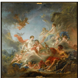
Photo n°4 : François Boucher (1703-1770), Les Forges de Vulcain ou Vulcain présentant à Vénus les armes pour Enée, 1757, musée du Louvre.
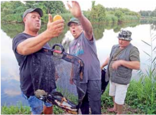
Tak wyglądało wazenie złowionych ryb podczas ubiegłorocznego memoriału wędkarskiego.

Z uwagi na sytuację epidemiczną przed przystąpieniem do zawodów będzie mierzona temperatura ciała. Organizatorzy przypominają
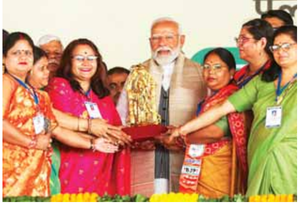
पलाऊ में एक जनसभा के दौरान प्रधानमंत्री नरेंद्र मोदी का सम्मान किया गया।

प्रधानमंत्री नरेंद्र मोदी द्वारा कांग्रेस नेता राहुल गांधी को शहजादा (राजकुमार) कहकर लगातार किया जा रहा तंज शनिवार को उस समय एक नया मोड़ लिया जब राहुल की बहन और सबसे पुरानी पार्टी की महासचिव प्रियंका गांधी ने पीएम को शहशाह (सम्राट) कहकर बुलाया। बिहार और झारखंड में लोकसभा चुनाव रैलियों में, राहुल गांधी के साथ मोदी ने राजद नेता पूर्व उपमुख्यमंत्री तेजस्वी यादव के लिए भी शहजादा शब्द का भी इस्तेमाल किया। मोदी ने अपने संबोधन के दौरान तंज करते हुए कहा था कि एक शहजादा दिल्ली में (राहुल) और एक पटना में (तेजस्वी) हैं, दोनों देश को अपनी जागीर समझते हैं। वहीं गुजरात में एक रैली को संबोधित करते हुए प्रियंका ने मोदी को शहशाह कहा जो महल में रहता है लेकिन जनता से कटा हुआ है। यह उनके भाई राहुल गांधी के लिए पीएम के शहजादा तंज पर उनकी पहली प्रतिक्रिया थी।
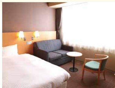
デラックスシングルルーム

Breakfast 毎日手作りの朝食バイキング で元気に出発!地元宮城の食 材を多数使用しました。
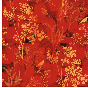
ODE Corail 14 Druck design
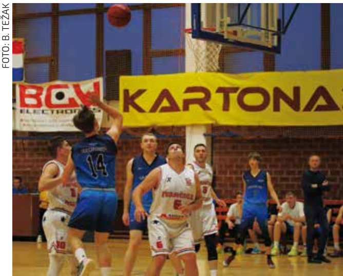
Zasluzena pobjeda ivanečkih košarkaša u Otvorenoj ligi KOŠARKAŠKI KLUB IVANČICA
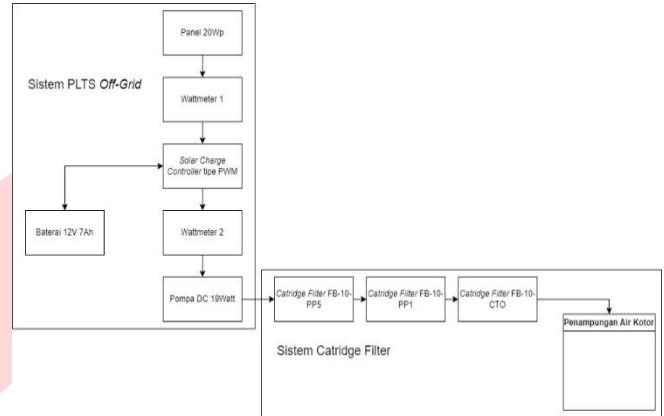
Gambar 3. 1 Alur Kerja Sistem

Sistem akan dijalankan dengan metode menyalakan pompa setelah pengisian baterai. Saat sistem dijalankan baterai dalam kondisi kosong. Pada sistem ini terdapat tiga tahap pengisian dan penggunaan baterai dalam satu hari.
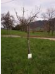
Rambour blanc (PAY_BZ)
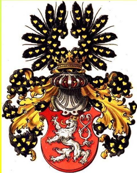
historický znak Čech
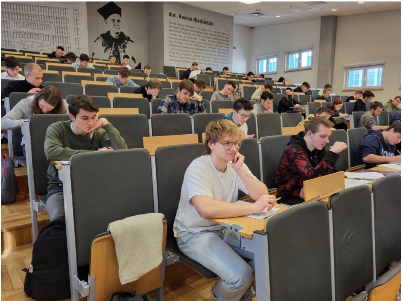
Uczestnicy ELEKTROMECHATRON
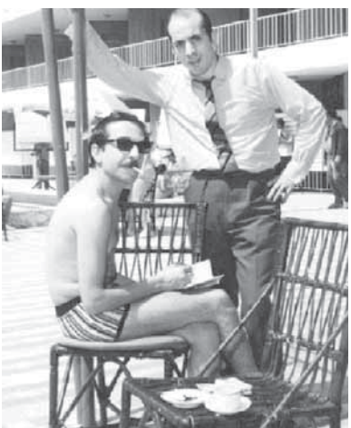
مع الفنان دريد لحام
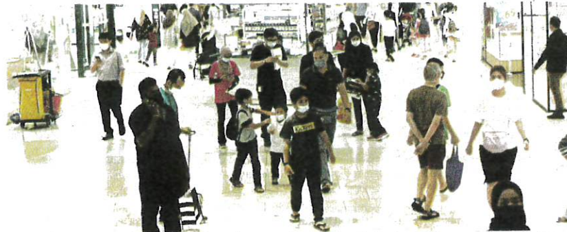
Kebanyakan orang ramai masih memilih untuk mengenakan pelitup muka terutama di kawasan tertutup ketika tinjauan di Putrajaya, semalam.

"Walaupun kerajaan tidak lagi mewajibkan pemakaian pelitup muka, saya masih memilih memakainya kerana mengelak risiko jangkitan, tambahan pula
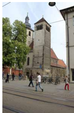
2014 Das Umfeld der Kirche wurde neu gestaltet und bietet nun Platz für Aufenthalt und Erholung. Der neu angelegte Radweg entschärft die Konflikte mit Fußgängern und Stadtbahn in der Fußgängerzone.
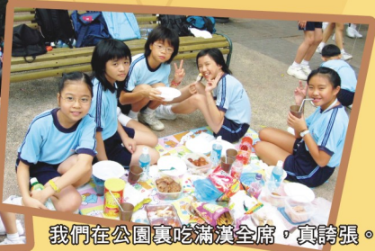
我們在公園裏吃滿漢全席，真誇張。
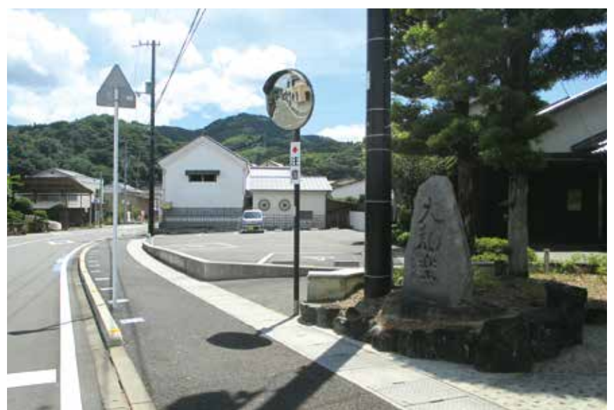
サテライト会場に決まった砥部町の砥部ミュージアム通り。アーティストと地域との交流が期待される。手前右に「坂村真民記念館」、奥に砥部むかしのくらし館。

初開催となる「アートベンチャーエヒメフェス2025」においては、「ここにある豊かさ」をテーマに掲げ、地域の文化や歴史、日常の隠れた魅力に光を当て、砥部町をはじめとした各会場の地
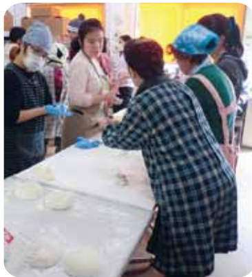
🍊 『かまこひなあーれ』

12月25日(月)におれんじ村恒例のもちつき大会がありみんなで盛り上がりました。地域の方も参加し、「よいしょー」のかけ声がひびきわたり、もちつきならではの風景がありました。事務所の中では、
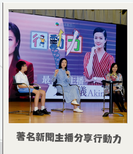
著名新聞主播分享行動力
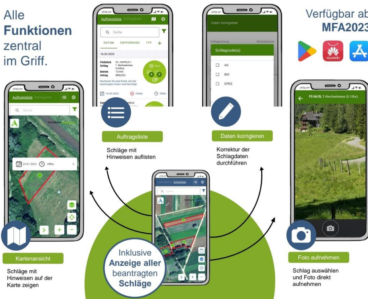
Abbildung 2: Auszug aus der Kurzanleitung der „AMA MFA Fotos“ App
----------
Check each line above for the word "memilih" and copy every line that has it.

Answer to this exercise:
Kebanyakan orang ramai masih memilih untuk mengenakan pelitup muka terutama di kawasan tertutup ketika tinjauan di Putrajaya, semalam.
"Walaupun kerajaan tidak lagi mewajibkan pemakaian pelitup muka, saya masih memilih memakainya kerana mengelak risiko jangkitan, tambahan pula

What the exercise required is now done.